— Exercise —
Note on the material below: return exactly the lines from the line that holds "Matching set. Floor" through the line that holds "教务处副处长韦晓兰指出了教学", and leave out each picture.

— Data for analysis —
::::::
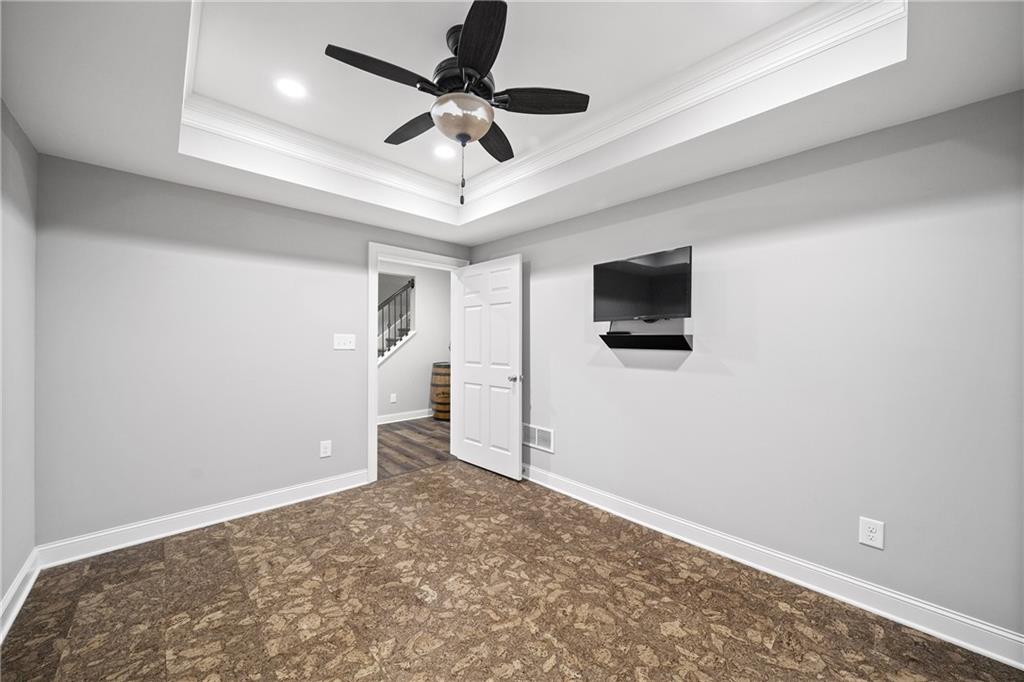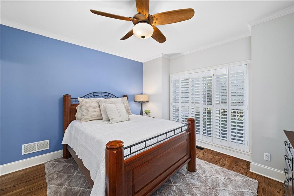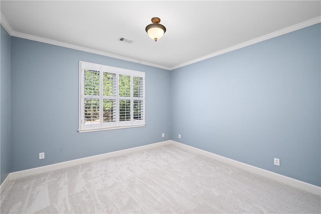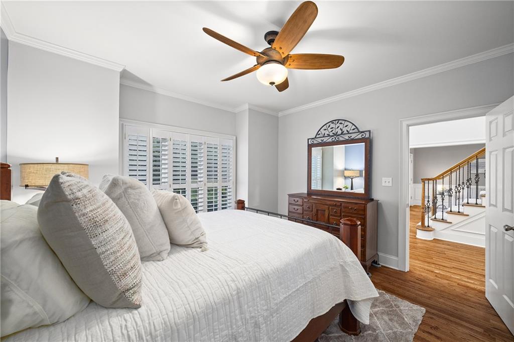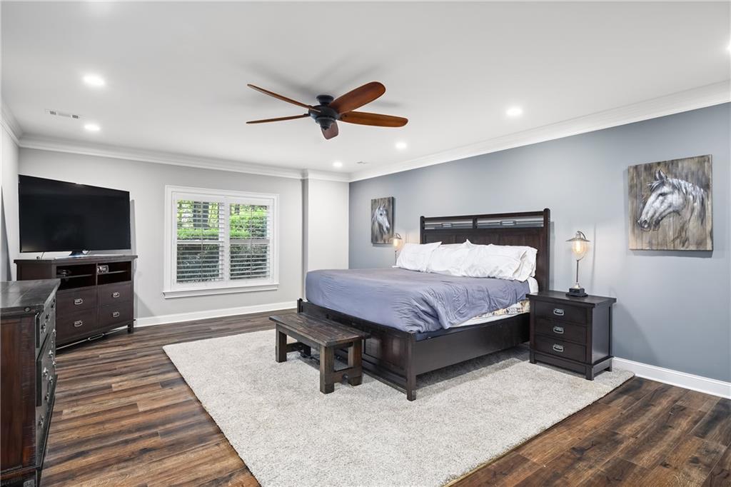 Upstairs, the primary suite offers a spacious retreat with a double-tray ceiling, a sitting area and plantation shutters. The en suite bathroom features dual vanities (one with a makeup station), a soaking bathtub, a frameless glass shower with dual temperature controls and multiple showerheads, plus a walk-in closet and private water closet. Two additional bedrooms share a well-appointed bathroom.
::::::
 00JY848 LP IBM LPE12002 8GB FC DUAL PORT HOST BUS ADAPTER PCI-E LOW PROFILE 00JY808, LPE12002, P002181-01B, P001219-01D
::::::
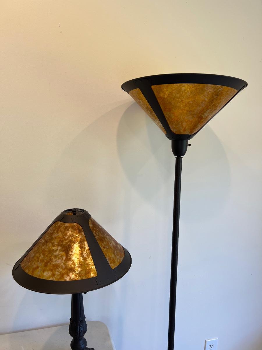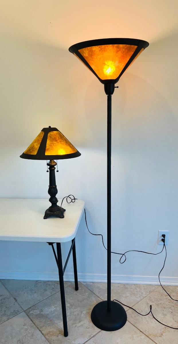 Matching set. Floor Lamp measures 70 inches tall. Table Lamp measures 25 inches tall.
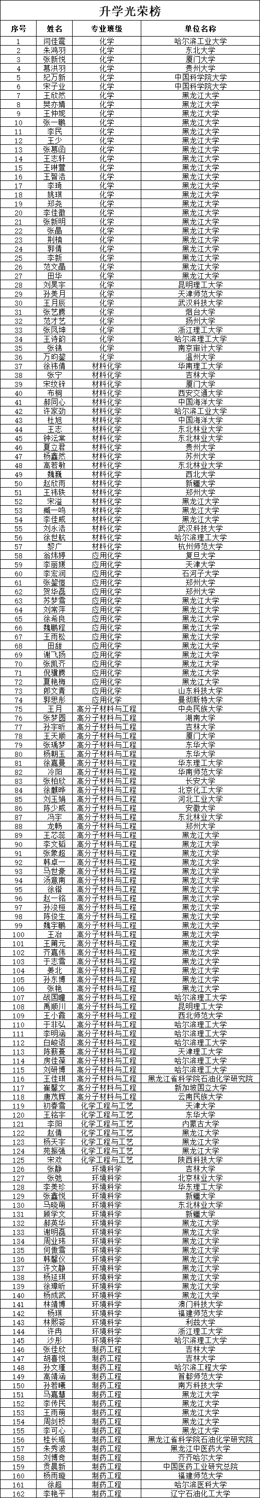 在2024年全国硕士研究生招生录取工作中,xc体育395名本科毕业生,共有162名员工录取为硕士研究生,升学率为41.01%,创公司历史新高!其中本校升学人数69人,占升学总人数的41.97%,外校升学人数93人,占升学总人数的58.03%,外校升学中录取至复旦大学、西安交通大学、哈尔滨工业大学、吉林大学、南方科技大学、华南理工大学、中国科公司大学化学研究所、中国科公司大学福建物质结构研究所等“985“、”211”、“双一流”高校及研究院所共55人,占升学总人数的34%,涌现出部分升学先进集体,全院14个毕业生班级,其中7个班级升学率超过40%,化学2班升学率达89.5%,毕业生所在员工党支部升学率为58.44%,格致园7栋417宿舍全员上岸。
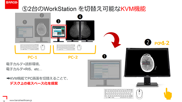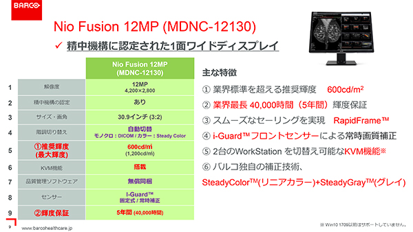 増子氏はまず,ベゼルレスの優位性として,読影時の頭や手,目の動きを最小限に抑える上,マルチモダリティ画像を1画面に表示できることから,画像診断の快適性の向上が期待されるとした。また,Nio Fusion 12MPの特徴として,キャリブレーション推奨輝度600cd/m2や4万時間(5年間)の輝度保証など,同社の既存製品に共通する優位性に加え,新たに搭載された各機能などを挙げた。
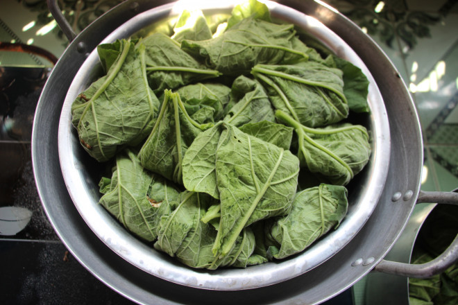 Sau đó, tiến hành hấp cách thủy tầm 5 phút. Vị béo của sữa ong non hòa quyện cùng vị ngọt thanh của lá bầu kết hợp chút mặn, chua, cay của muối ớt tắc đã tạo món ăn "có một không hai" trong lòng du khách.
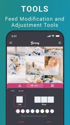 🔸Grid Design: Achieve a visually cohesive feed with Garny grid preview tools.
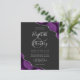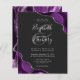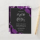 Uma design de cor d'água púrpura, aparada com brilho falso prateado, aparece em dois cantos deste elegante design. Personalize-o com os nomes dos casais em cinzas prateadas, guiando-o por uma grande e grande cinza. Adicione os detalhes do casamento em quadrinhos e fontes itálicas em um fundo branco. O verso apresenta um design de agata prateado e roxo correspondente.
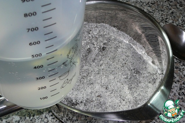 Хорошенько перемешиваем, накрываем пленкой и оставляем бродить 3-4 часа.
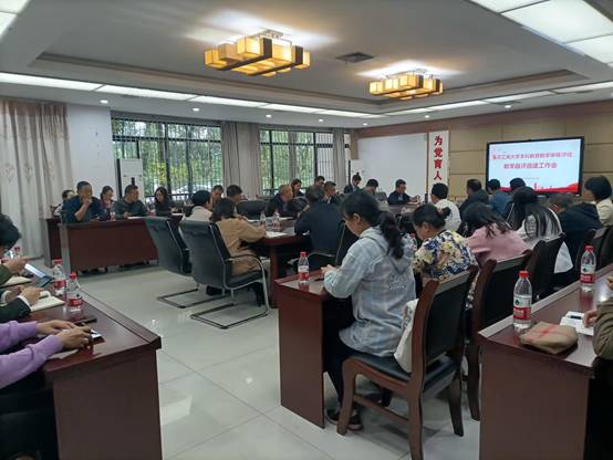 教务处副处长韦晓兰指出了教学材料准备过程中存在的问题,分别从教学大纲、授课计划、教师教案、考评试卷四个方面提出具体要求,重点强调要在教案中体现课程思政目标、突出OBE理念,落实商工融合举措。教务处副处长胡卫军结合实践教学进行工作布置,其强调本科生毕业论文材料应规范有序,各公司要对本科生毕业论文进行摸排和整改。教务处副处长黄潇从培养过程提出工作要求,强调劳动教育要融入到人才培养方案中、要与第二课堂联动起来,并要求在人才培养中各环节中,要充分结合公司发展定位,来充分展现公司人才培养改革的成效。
::::::
— Problem solution —
 Matching set. Floor Lamp measures 70 inches tall. Table Lamp measures 25 inches tall.
 在2024年全国硕士研究生招生录取工作中,xc体育395名本科毕业生,共有162名员工录取为硕士研究生,升学率为41.01%,创公司历史新高!其中本校升学人数69人,占升学总人数的41.97%,外校升学人数93人,占升学总人数的58.03%,外校升学中录取至复旦大学、西安交通大学、哈尔滨工业大学、吉林大学、南方科技大学、华南理工大学、中国科公司大学化学研究所、中国科公司大学福建物质结构研究所等“985“、”211”、“双一流”高校及研究院所共55人,占升学总人数的34%,涌现出部分升学先进集体,全院14个毕业生班级,其中7个班级升学率超过40%,化学2班升学率达89.5%,毕业生所在员工党支部升学率为58.44%,格致园7栋417宿舍全员上岸。
 増子氏はまず,ベゼルレスの優位性として,読影時の頭や手,目の動きを最小限に抑える上,マルチモダリティ画像を1画面に表示できることから,画像診断の快適性の向上が期待されるとした。また,Nio Fusion 12MPの特徴として,キャリブレーション推奨輝度600cd/m2や4万時間(5年間)の輝度保証など,同社の既存製品に共通する優位性に加え,新たに搭載された各機能などを挙げた。
 Sau đó, tiến hành hấp cách thủy tầm 5 phút. Vị béo của sữa ong non hòa quyện cùng vị ngọt thanh của lá bầu kết hợp chút mặn, chua, cay của muối ớt tắc đã tạo món ăn "có một không hai" trong lòng du khách.
 🔸Grid Design: Achieve a visually cohesive feed with Garny grid preview tools.
 Uma design de cor d'água púrpura, aparada com brilho falso prateado, aparece em dois cantos deste elegante design. Personalize-o com os nomes dos casais em cinzas prateadas, guiando-o por uma grande e grande cinza. Adicione os detalhes do casamento em quadrinhos e fontes itálicas em um fundo branco. O verso apresenta um design de agata prateado e roxo correspondente.
 Хорошенько перемешиваем, накрываем пленкой и оставляем бродить 3-4 часа.
 教务处副处长韦晓兰指出了教学材料准备过程中存在的问题,分别从教学大纲、授课计划、教师教案、考评试卷四个方面提出具体要求,重点强调要在教案中体现课程思政目标、突出OBE理念,落实商工融合举措。教务处副处长胡卫军结合实践教学进行工作布置,其强调本科生毕业论文材料应规范有序,各公司要对本科生毕业论文进行摸排和整改。教务处副处长黄潇从培养过程提出工作要求,强调劳动教育要融入到人才培养方案中、要与第二课堂联动起来,并要求在人才培养中各环节中,要充分结合公司发展定位,来充分展现公司人才培养改革的成效。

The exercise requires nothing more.